◆ INSTRUCTIONS TO FOLLOW: A faithful transcript of every entry is required; pictures do not belong in it.
─── THE RECORDS
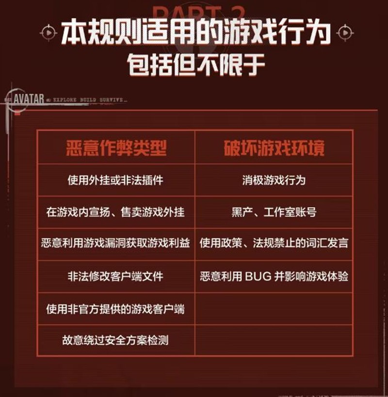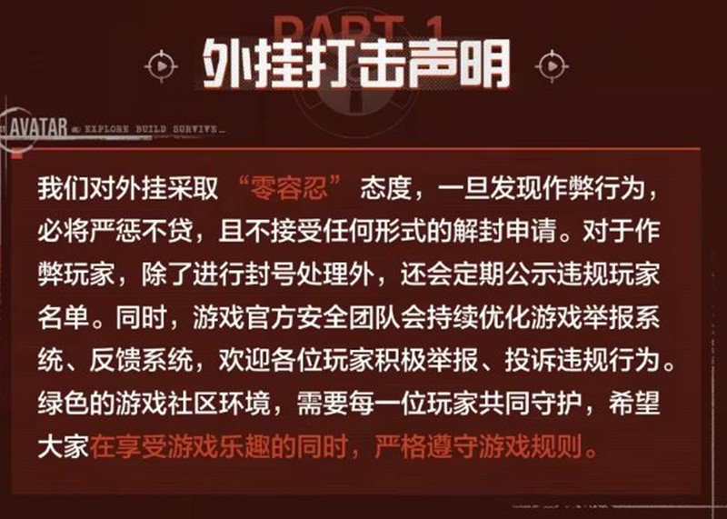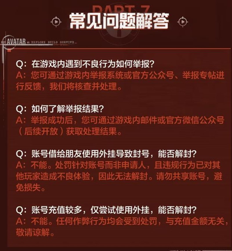 《失控进化》安全团队一直致力于打造公平、绿色健康的游戏社区环境。为了维护良好的游戏秩序,保障广大玩家的游戏体验,官方将对游戏中各类违规行为进行严格惩处。公约中明确指出,对于外挂行为,官方采取“零容忍”态度,一旦发现作弊行为,必将严惩不贷,且不接受任何形式的解封申请。对于作弊玩家,除了进行封号处理外,还会定期公示违规玩家名单。同时,游戏官方安全团队会持续优化游戏举报系统、反馈系统,欢迎各位玩家积极举报、投诉违规行为。
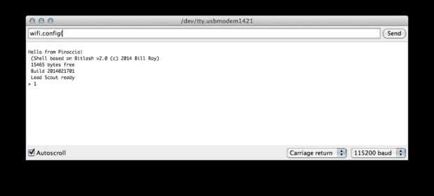 Así, en primer lugar que tuve que escribir la función y llegar a mi mesa. Un Scout configurado tiene un bosquejo de lo que le permite controlar por introducir código en el monitor serial. (Esto significa que se puede programar sobre la marcha, sin necesidad de volver a compilar y cargar el código con cada cambio!) He conectado mi Scout plomo (Buckaroo) y encendió el monitor mediante el IDE de Pinoccio, una versión ligeramente modificada de la IDE de Arduino.
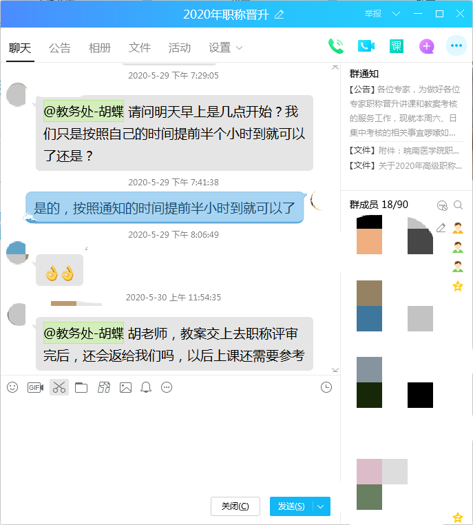本年度我校共有93人申报教学系列高级职称,为客观真实地对申报老师的实际教学水平和能力做出评价,本次考核在符合疫情防控要求的前提下,采取了“专家评价线下面对面、学生评教线上键对键、教案评审同步完成”的考核形式。在为期两天的集中考核中,由校教学督导组成员为主要构成的考核专家组,根据学校相关文件,从教学态度、教学方法、教学设计、教学内容、教学特色等方面对参加教师的教学能力和教案撰写进行了全面、客观、准确的评价,由学校教学信息员组成的学生评委通过腾讯课堂同步直播的形式完成了学生评价。参加考核的教师通过认真准备、积极参与,在考核中展示了端正的教学态度、扎实的教学基本功和深厚的专业知识基础。
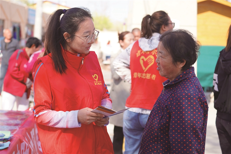 4月16日,吉木萨尔县三台镇青年志愿者走进居民身边,讲解城乡居民养老保险缴费档次、政府补贴、养老金计算等政策要点。□胡媛媛摄
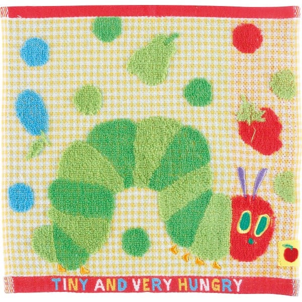 はらぺこあおむしのタオルハンカチ。はらぺこあおむしの世界を楽しめる商品です
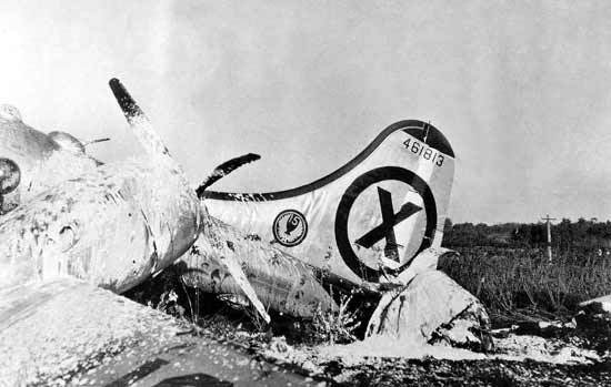 (한국 전쟁 중에 미그-15에 격추된 미공군 91 폭격 비행단 소속 B-29 폭격기의 잔해)
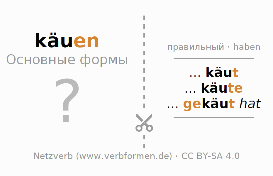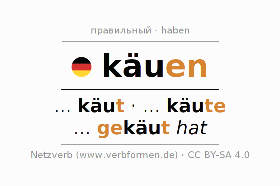 Глагольные таблицы, содержащие все формы глагола käuen, для наглядности объединены в одну общую таблицу.
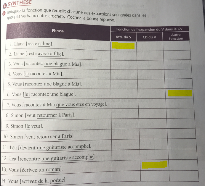 Consulte cette fiche au besoin pour réviser les fonctions des expansions du verbe et les catégories grammaticales auxquelles ils peuvent appartenir.
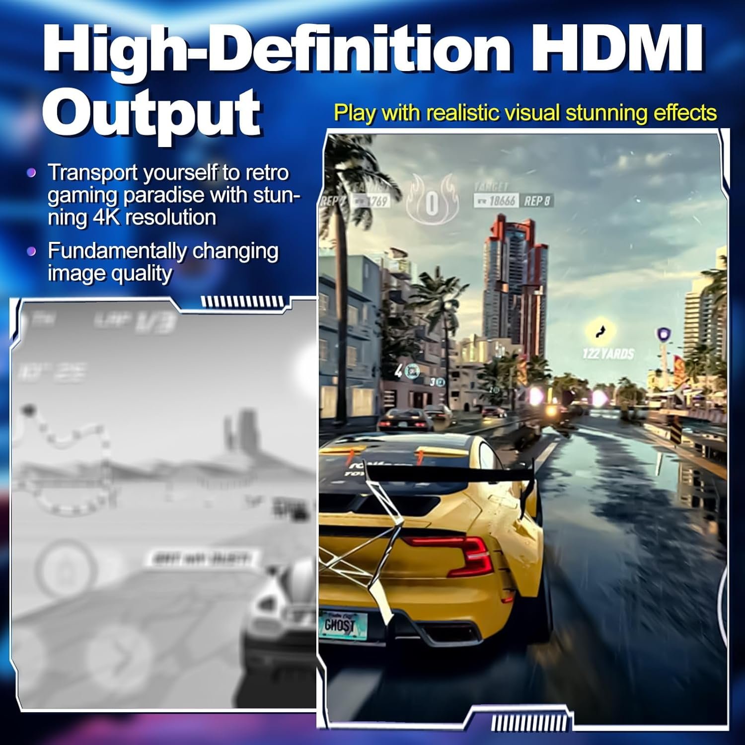 🖥 HDMI High-Definition Output: Connect effortlessly to TVs, monitors, and projectors via HDMI for a crisp and immersive gaming experience. Enjoy your favorite retro games in high resolution and smooth performance.
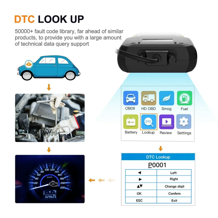 The device features an extensive fault code library. To look up a DTC:
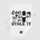 Divertida toalla de golf personalizada con su monograma/iniciales. El texto dice: "Conduce como si lo hubieras robado".
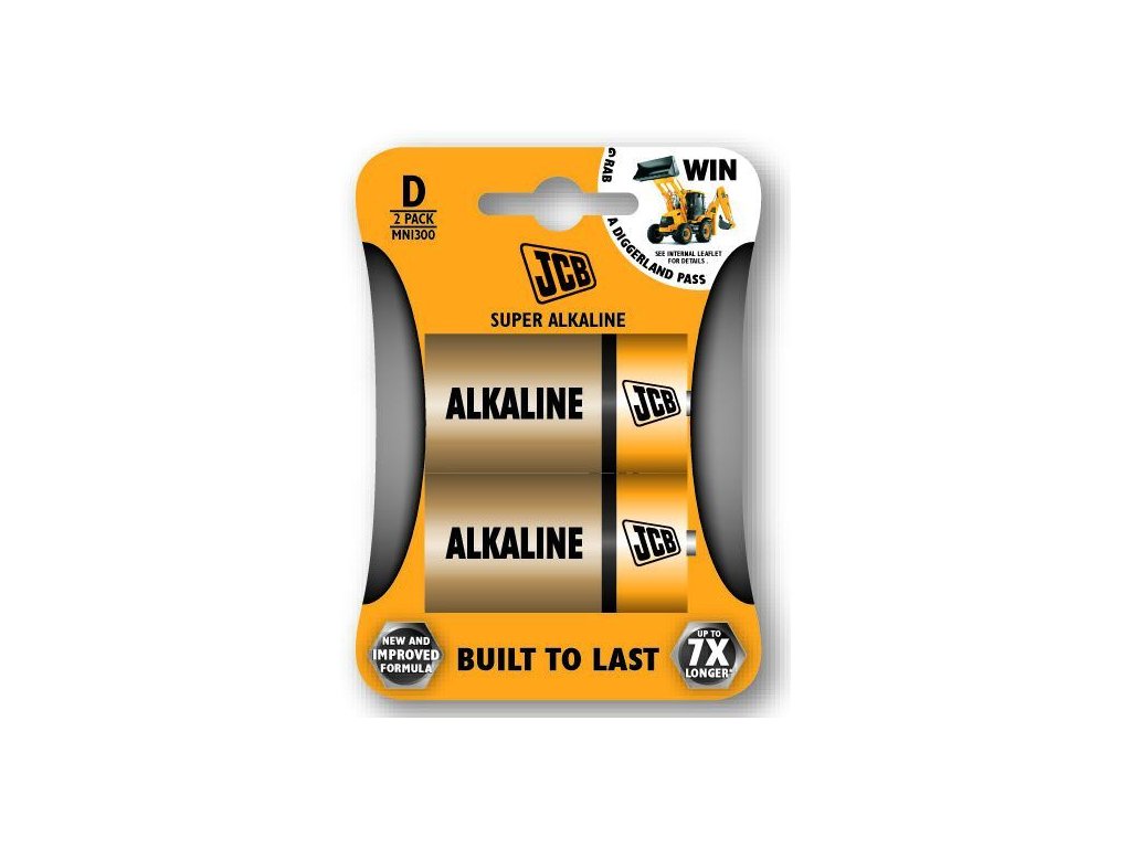 JCB SUPER alkalická baterie LR20, blistr 2 ks JCB Super alkalické baterie poskytují vysokou kvalitu a jsou vhodné pro zařízení se středními až vysokými požadavky na energii. Zajistí spolehlivý výkon pro přístroje typu: přenosné audio zařízení, analogové fotoaparáty, hračky, svítilny apod. Kvalita testována prestižní globální společností BUREAU VERITAS. V konkurenci vybraných známých značek se JCB baterie vždy umístili na předních místech. Typ LR20 Alkalická baterie Blistr 2ksDodatočné parametre
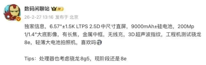 据悉,博主@数码闲说念站 的一份爆料中提到过一款新机,其配备6.57英寸傍边的1.5K LTPS 2.5D中尺寸直屏,内置9000mAh±硅电板。配备200Mp 1/1.4"大底影像,有长焦;配备金属中框,接济无线充、3D超声波指纹;工程机测试骁龙 8 至尊版处理器,定位粗疏大电板拍照机。
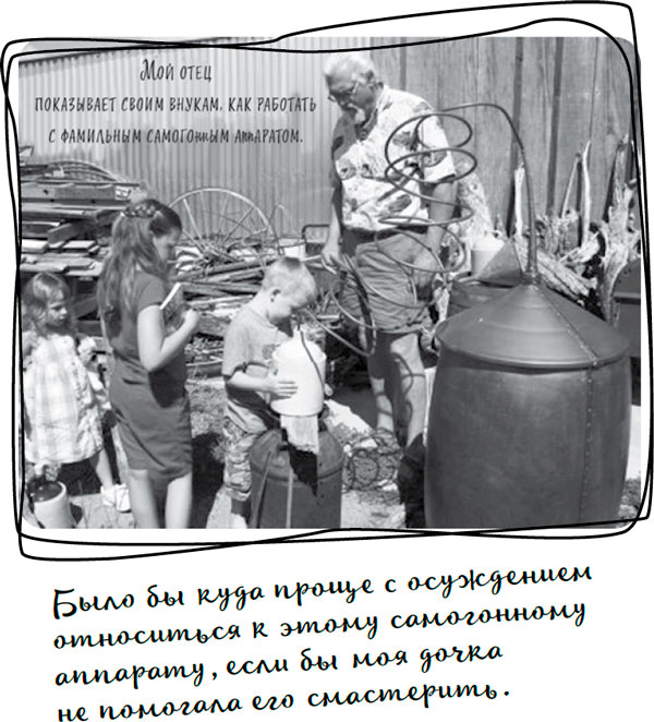 Хейли, когда мы приезжали в гости к моим родителям, всегда играла с самогонным аппаратом. Еще она каталась во дворе верхом на миниатюрном ослике по кличке Джаспер. А вместе со своими двоюродными братьями и сестрами она забиралась на старые тракторы и древние почтовые кареты и разбрасывала за домом всякий мусор. Дети играли и со смехом изучали чучельную мастерскую моего отца и надевали вместо масок коровьи черепа. Они искали клады по старинным картам, «найденным» моим отцом, и откапывали набитые монетами, всякой бижутерией и наконечниками для стрел деревянные сундуки, которые специально для них закапывал отец. Они бродили по участку, гоняли коз и веселились от души, так что мы с Лизой не могли не согласиться с тем, что их радость стоит того, чтобы время от времени в ее или мою комнату посреди ночи приходили заплутавшие утята.
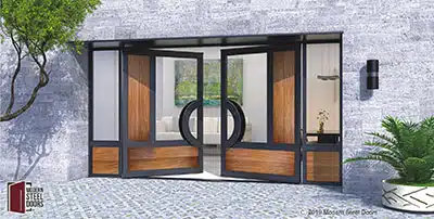 Steel is synthetic and provides the structure needed for longevity. Our steel doors are most often powder-coated a version of black because of black's universal match ability. Black steel also provides the best contrast with all wood species. Black powder coating is available in hammered, matte, semigloss, and subtle metallic. Steel ensures that your steel wooden door will not bow, twist, or warp. These are common problems associated with exterior wood doors.
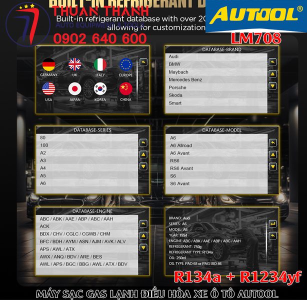 Còn máy sử dụng một loại gas lạnh là R134a như mẫu LM707 của Autool thì nên được áp dụng và vận hành cho thị trường châu Á với tất cả dòng xe ô tô phổ thông đang được sử dụng hiện nay
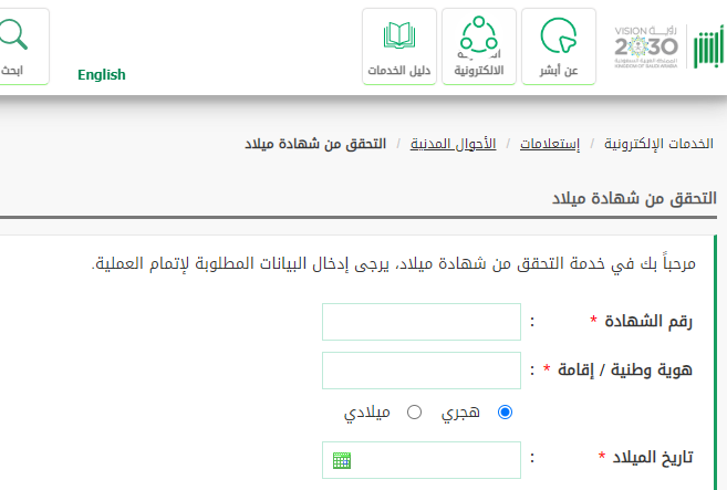 - يرجي انتظار ارسال شهادة الميلاد إلى منزلك عبر البريد السعودي.
──────
◆ WORKED SOLUTION:
 《失控进化》安全团队一直致力于打造公平、绿色健康的游戏社区环境。为了维护良好的游戏秩序,保障广大玩家的游戏体验,官方将对游戏中各类违规行为进行严格惩处。公约中明确指出,对于外挂行为,官方采取“零容忍”态度,一旦发现作弊行为,必将严惩不贷,且不接受任何形式的解封申请。对于作弊玩家,除了进行封号处理外,还会定期公示违规玩家名单。同时,游戏官方安全团队会持续优化游戏举报系统、反馈系统,欢迎各位玩家积极举报、投诉违规行为。
 Así, en primer lugar que tuve que escribir la función y llegar a mi mesa. Un Scout configurado tiene un bosquejo de lo que le permite controlar por introducir código en el monitor serial. (Esto significa que se puede programar sobre la marcha, sin necesidad de volver a compilar y cargar el código con cada cambio!) He conectado mi Scout plomo (Buckaroo) y encendió el monitor mediante el IDE de Pinoccio, una versión ligeramente modificada de la IDE de Arduino.
本年度我校共有93人申报教学系列高级职称,为客观真实地对申报老师的实际教学水平和能力做出评价,本次考核在符合疫情防控要求的前提下,采取了“专家评价线下面对面、学生评教线上键对键、教案评审同步完成”的考核形式。在为期两天的集中考核中,由校教学督导组成员为主要构成的考核专家组,根据学校相关文件,从教学态度、教学方法、教学设计、教学内容、教学特色等方面对参加教师的教学能力和教案撰写进行了全面、客观、准确的评价,由学校教学信息员组成的学生评委通过腾讯课堂同步直播的形式完成了学生评价。参加考核的教师通过认真准备、积极参与,在考核中展示了端正的教学态度、扎实的教学基本功和深厚的专业知识基础。
 4月16日,吉木萨尔县三台镇青年志愿者走进居民身边,讲解城乡居民养老保险缴费档次、政府补贴、养老金计算等政策要点。□胡媛媛摄
 はらぺこあおむしのタオルハンカチ。はらぺこあおむしの世界を楽しめる商品です
 (한국 전쟁 중에 미그-15에 격추된 미공군 91 폭격 비행단 소속 B-29 폭격기의 잔해)
 Глагольные таблицы, содержащие все формы глагола käuen, для наглядности объединены в одну общую таблицу.
 Consulte cette fiche au besoin pour réviser les fonctions des expansions du verbe et les catégories grammaticales auxquelles ils peuvent appartenir.
 🖥 HDMI High-Definition Output: Connect effortlessly to TVs, monitors, and projectors via HDMI for a crisp and immersive gaming experience. Enjoy your favorite retro games in high resolution and smooth performance.
 The device features an extensive fault code library. To look up a DTC:
 Divertida toalla de golf personalizada con su monograma/iniciales. El texto dice: "Conduce como si lo hubieras robado".
 JCB SUPER alkalická baterie LR20, blistr 2 ks JCB Super alkalické baterie poskytují vysokou kvalitu a jsou vhodné pro zařízení se středními až vysokými požadavky na energii. Zajistí spolehlivý výkon pro přístroje typu: přenosné audio zařízení, analogové fotoaparáty, hračky, svítilny apod. Kvalita testována prestižní globální společností BUREAU VERITAS. V konkurenci vybraných známých značek se JCB baterie vždy umístili na předních místech. Typ LR20 Alkalická baterie Blistr 2ksDodatočné parametre
 据悉,博主@数码闲说念站 的一份爆料中提到过一款新机,其配备6.57英寸傍边的1.5K LTPS 2.5D中尺寸直屏,内置9000mAh±硅电板。配备200Mp 1/1.4"大底影像,有长焦;配备金属中框,接济无线充、3D超声波指纹;工程机测试骁龙 8 至尊版处理器,定位粗疏大电板拍照机。
 Хейли, когда мы приезжали в гости к моим родителям, всегда играла с самогонным аппаратом. Еще она каталась во дворе верхом на миниатюрном ослике по кличке Джаспер. А вместе со своими двоюродными братьями и сестрами она забиралась на старые тракторы и древние почтовые кареты и разбрасывала за домом всякий мусор. Дети играли и со смехом изучали чучельную мастерскую моего отца и надевали вместо масок коровьи черепа. Они искали клады по старинным картам, «найденным» моим отцом, и откапывали набитые монетами, всякой бижутерией и наконечниками для стрел деревянные сундуки, которые специально для них закапывал отец. Они бродили по участку, гоняли коз и веселились от души, так что мы с Лизой не могли не согласиться с тем, что их радость стоит того, чтобы время от времени в ее или мою комнату посреди ночи приходили заплутавшие утята.
 Steel is synthetic and provides the structure needed for longevity. Our steel doors are most often powder-coated a version of black because of black's universal match ability. Black steel also provides the best contrast with all wood species. Black powder coating is available in hammered, matte, semigloss, and subtle metallic. Steel ensures that your steel wooden door will not bow, twist, or warp. These are common problems associated with exterior wood doors.
 Còn máy sử dụng một loại gas lạnh là R134a như mẫu LM707 của Autool thì nên được áp dụng và vận hành cho thị trường châu Á với tất cả dòng xe ô tô phổ thông đang được sử dụng hiện nay
 - يرجي انتظار ارسال شهادة الميلاد إلى منزلك عبر البريد السعودي.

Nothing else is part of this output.